I was rather shocked recently to hear someone with a high sex drive complain about her partner “shirking his relationship responsibilities” by not keeping her satisfied.

I just don’t see how it’s healthy to consider sex a relationship responsibility, for either party. It seems to me that it places unreasonable demands on the partner with a lower libido, and just… all around encourages negativity. Because then that person is going to feel upset or worthless because he can’t satisfy his lover, or resent that she demands so much from him, while she obviously already resents him for not doing anything about her sexual frustration.

And this is going to be one of those stupid questions only an asexual would ask, but honestly: why can’t she just satisfy herself?

Why is it his problem that she has such a high sex drive? Maybe that sounds a little bit cold, but I think that’s only because it’s normal in this society for people to privilege people with high sex drives. Except in very extreme cases, it’s almost never seen as a problem for someone to have a high drive—instead it’s a problem with the partner not matching that drive.

It’s not even about the mismatch itself, it’s about inadequacy. If they came at it from a point of view of, “okay, we have different sex drives, and that doesn’t mean there’s anything wrong with either one of us, but we’re just a little bit different, so let’s both try to compromise so we can both be reasonably happy,” then fine, that’s one thing. In that case, I suppose it would be okay for them to view sex as a relationship responsibility—but ONLY if the person with a higher sex drive also agrees that she has a responsibility to make sure her requests are reasonable and her partner can fulfill them without undue distress. Otherwise it’s just selfish, although because it’s normalized selfishness it’s often not recognized as such.

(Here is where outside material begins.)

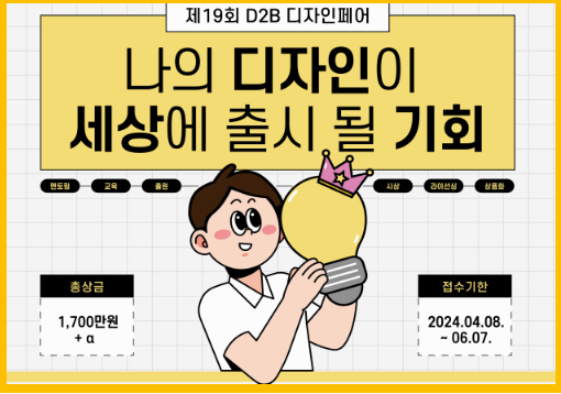 신제품에 대한 디자인 아이디어가 필요한 기업에 우수한 디자인 발굴과 사업화를 지원하는 ‘2024 디투비(D2B)* 디자인 박람회’에 참여할 기업 모집 및 디자이너들의 디자인 출품작을 모집합니다.

But I still think that it shouldn’t really be about responsibility; that sets up a grudging “I have to do this” mentality, when really it should be something you want to do, if not for enjoyment of the act itself then at least as a gift that you want to give to your partner. And the sexual partner should treasure it as such, instead of just always demanding more.

I’m just honestly amazed that this kind of attitude is apparently still so prevalent; I thought it was a historical artifact of a bygone era. I guess I’m just naive.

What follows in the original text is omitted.